Preziosa come una bionda pepita
Magnetica come una ferrosa calamita
Pregiata come una preda ghermita
Imprevedibile come una vincita riuscita
Universale come un cosmopolita
Prudente come un salvavita
Saggia come un'ascia di guerra seppellita
Umile come una suora dell'abito vestita
Semplice come una mano di gioielli sguarnita
Indipendente come una donna disinibita
Impeccabile come una ragazza compita
Ardita come un'amazzone agguerrita
Determinata come una meta conseguita
Accettabile come una parente acquisita
Rosea come una guancia colorita
Nera come la belligeranza vietnamita
Ambigua come il sesso di un sodomita
Losca come una cosca della malavita
Passiva come un verme parassita
Incallita come una ladra arricchita
Pomposa come una cortigiana di fronzoli abbellita
Assurda come un'oca erudita
Fragile come il cuore dell'acclamata Evita
Evanescente come una foto sbiadita
Labile come i petali di una rosa appassita
Vuota come una stanza ripulita
Insignificante come una cassaforte incustodita
Futile come una camicia sdrucita
Succube come una fanciulla inibita
Fiacca come un'atleta sfinita
Flemmatica come una lumaca insonnolita
Spenta come una carica esaurita
Sterile come una landa inaridita
Negata come una strega dal regno bandita
Ripudiata come una regina destituita
Straziante come un'angoscia patita
Morbosa come una vendetta accanita
Cinica come una scultura scolpita
Infida come un'innamorata indispettita
Austera come un cenobita
Fredda come una granita
Corrotta come una mela marcita
Solitaria come un eremita
Nostalgica come una pena lenita
più Antica di un troglodita.
È racchiusa nelle prelibatezze di una tavola imbandita
nei sapori di una pietanza servita
nel profumo di una pallida margherita
nelle piume variopinte di una allegra cocorita
nei saltelli della piccola Cita
nella vittoria di una sfida in differita
nell'attesa di una sorpresa gradita
nella mercede di un'operaia retribuita
nei risultati di una pista seguita
nell'utopia di una promessa svanita
nella fobia della bellezza sfiorita
nei sogni infranti di un'amante tradita
nei flashback di una storia fallita
nei rimpianti di un'amicizia finita
nei rimorsi di un'anima pentita
nella rabbia di una violenza impunita
nello sdegno di un'ingiustizia subita
nell'omertà di una bocca cucita
nella rassegnazione di una malattia regredita
nella fede di una Chiesa gremita
in una preghiera rivolta a Santa Rita
nel giubilo di una grazia esaudita.
È una romantica gita
la favola infinita della giovane Lolita.
A volte ti porta in salita
fino a toccare il cielo con le dita.
È una strana partita
giocata contro le avversità di questa ipocrita pervertita
e a volte ti senti come una pecorella smarrita.
È dalla morte rapita
e finisce con la dipartita.
Non ti da la smentita
e lascia una profonda ferita.
Dalla Nera Signora fu stordita e intorpidita
ma dopo tre giorni da essa è fuggita
e da temuta ora è ambita
e da mortale Eterna Vita!
L'onda della mia
vita
L'Onda della mia vita non è impetuosa.
Cresce piano piano
come il lento incedere di una lumaca
raccogliendo i frutti dolci e acerbi
nell'Eden dei sogni
amari e maturi dall'albero delle delusioni.

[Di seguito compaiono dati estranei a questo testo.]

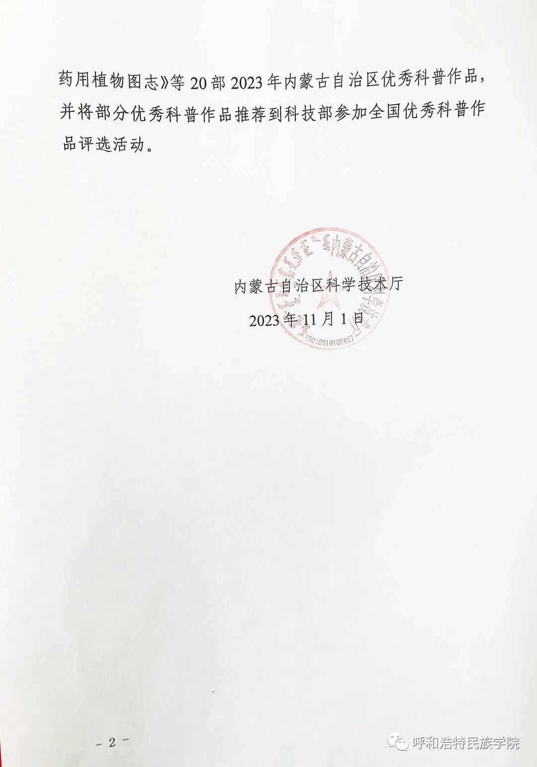 佳作上榜!米乐官网两部作品获评2023年内蒙古自治区优秀科普作品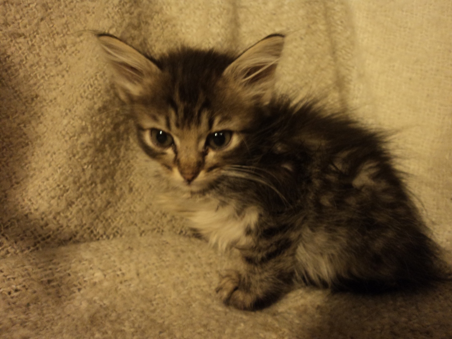 Ειναι 2,5 μηνών φουντωτό κοριτσάκι , αρνητικο για aids-λευκαιμία-τοξόπλασμα, δίδεται με προυπόθεση στείρωσης και συμβόλαιο υιοθεσίας, χρωματισμός black silver tabby.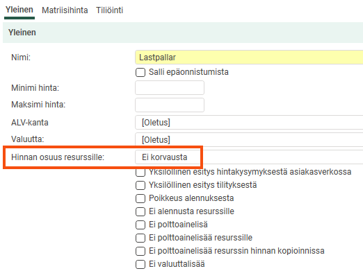 Siirry Yleinen -välilehdelle ja valitse Ei korvausta avattavasta valikosta Hinnan osuus resurssille.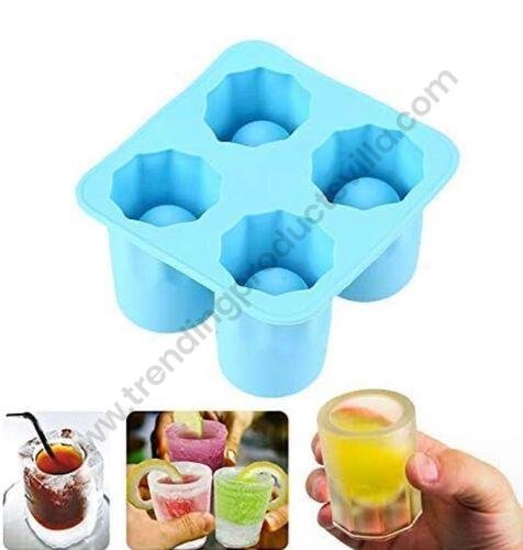 Silicone Ice Shot Glass Maker 4 Cup Shape Ice Cube DIY Molds Trays Freeze Mold Maker Icing Box Cube BPA Free Chocolate Candy Mould Non Stick Multicolor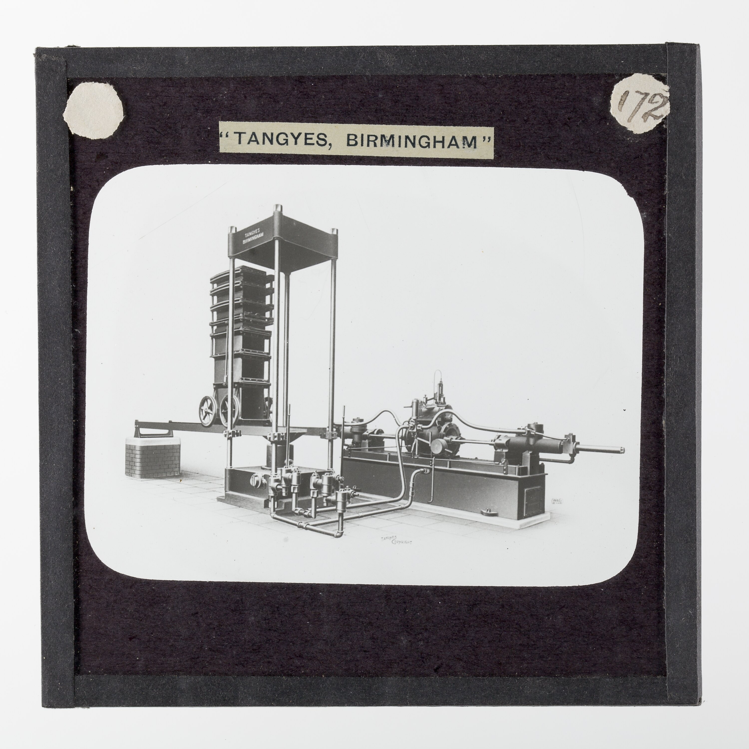 One of 239 glass lantern slides depicting products manufactured by Tangyes Limited engineers of Birmingham, England. The images include various products such as engines, centrifugal pumps, hydraulic pumps, gas producers, materials testing machines, presses, machine tools, hydraulic jacks etc. Tangyes was a company which operated from 1857 to 1957. They produced a wide variety of engineering products exported worldwide including Australia and other British colonies.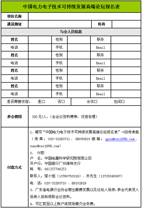 附件1:中國電力電子技術(shù)可持續(xù)發(fā)展高端論壇報名表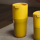 付属の専用蓋は、保温保冷効果を高め、転倒時にドリンクが全てこぼれてしまうことを防ぎます。(※防水ではありません)蓋は開けた部分を反対側へロックすることができ、飲み口が広いのでドリンクの香りも充分に楽しめます。リム(ふちの部分)を薄くデザインしたことで口当たりがよく、蓋を外して使用することも可能です。あなたのライフスタイルに合わせて、室内でもフィールドでもお好みのドリンクを楽しんでいただけます。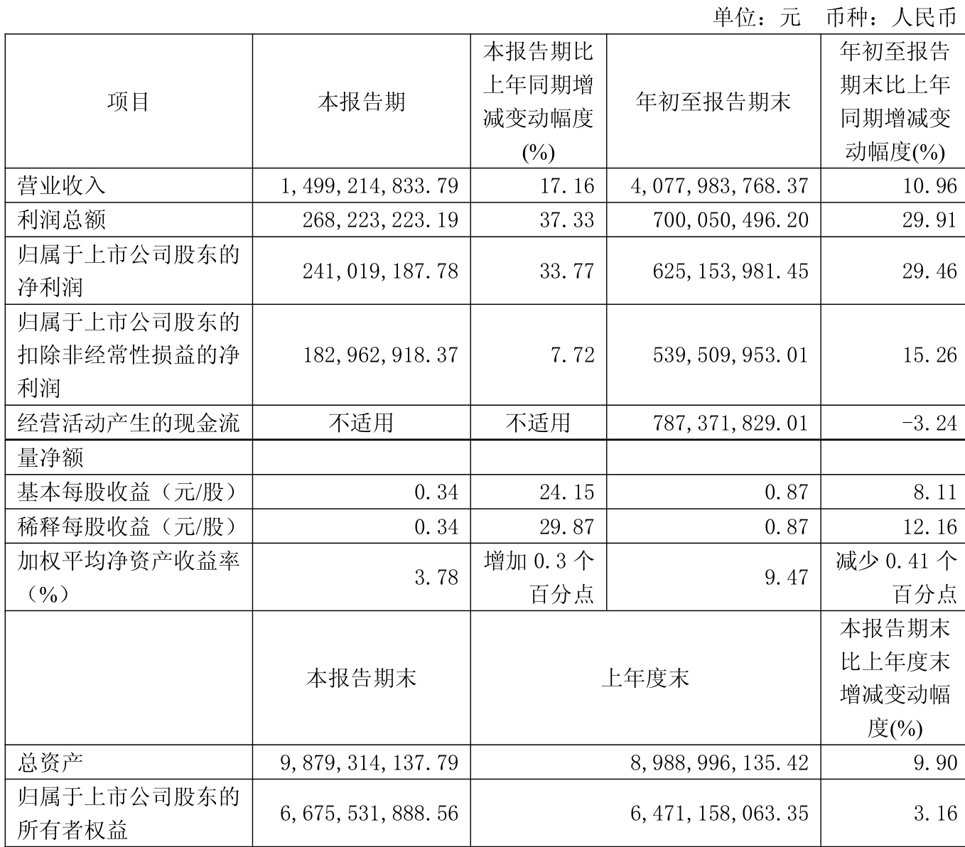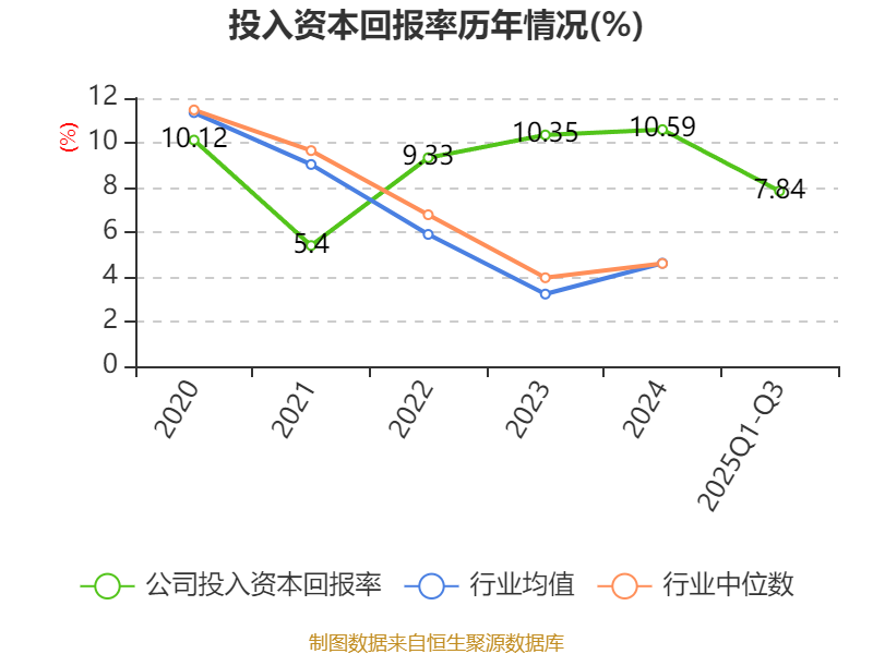 盈利能力方面, 2025年前三季度公司加权平均净资产收益率为9.47%,同比下降0.41个百分点。公司2025年前三季度投入资本回报率为7.84%,较上年同期下降0.16个百分点。

Inarrestabile scala gli agevoli e indi affannosi fianchi
della collina del tempo.
Quando avrà ingrossato il suo ventre dei doni
inviati dall'invisibile astro del destino
s'infrangerà insinuando il seme
nel grembo della madre che un dì la partorì
ritornando goccia di cenere
della opulenta donna fatta di gleba intenerita
e nutrita dall'acqua che il cielo elargisce
pigiando le nubi di pioggia e da essa rinascerà
embrione di una vacua memoria.
Sospinta dal soffio di vento
depositerà poi l'anima immortale
sulla riva del giardino celeste
sua antica e legittima dimora.
E un'anima infante sarà già pronta
a gonfiare l'onda della sua vita
con l'alito gagliardo dei suoi giovani polmoni.
Anche l'amore vuole essere libero
Una foto di gruppo, una preghiera,
un souvenir tra le dita
e nel velo opaco di una lacrima nostalgica,
nelle lucciole caliginose del miraggio
cade Alice nel Paese delle Meraviglie.
Destandosi nel clima del passato lo spettro
della coscienza si rigenera nei sorrisi perpetui
si plasma nei colori eterni.
Batti, oh spirito del tempo, sull'ago dell'inciso
dei passi già segnati nelle orme ormai cancellate.
Scorri sulla traccia di quelle ore remote
rinnovando a queste labbra il sapore puro di quell'aura
antica intrisa del profumo dei sentimenti
che regala un brivido ai sensi.
Concedi ai pensieri di vagare nel giardino tra i sentieri.
Lascia che riposino all'ombra
delle verdeggianti foglie che bisbigliano giulive
in coro nella fresca brezza stagionale.
Sole raggiante nel cielo terso di maggio
sereno nel cuore roseo di primavera.
Eco di note solitarie modulate con voce soave
risuonano nella divina notte di veglia
fra i santi protettori alloggiati nelle sacre mura
della sobria e accogliente cappella.
Anime nutrite dal pio canto religioso
come api dal nettare di un fiore.
Firme nere impresse su un foglio bianco
ma scolpiti i nostri nomi a caratteri d'oro
nella Mano di Dio.
Rinverdiscon le memorie al crepitar del fuoco vivo
che scoppietta vermiglio sulla spiaggia
e sui volti di tutti noi.
Scintilla d'amicizia guizza nel cerchio di mani
strette nella recita del Padre Nostro
calde nell'unione fraterna.
Il falò arde e, bruciando, muore lento
nella pacata e indifferente apparenza
poi, come araba fenice,
rinasce furioso dalla cenere delle sue fiamme
non del tutto sopite
nel legno secolare della nostra imperitura fede.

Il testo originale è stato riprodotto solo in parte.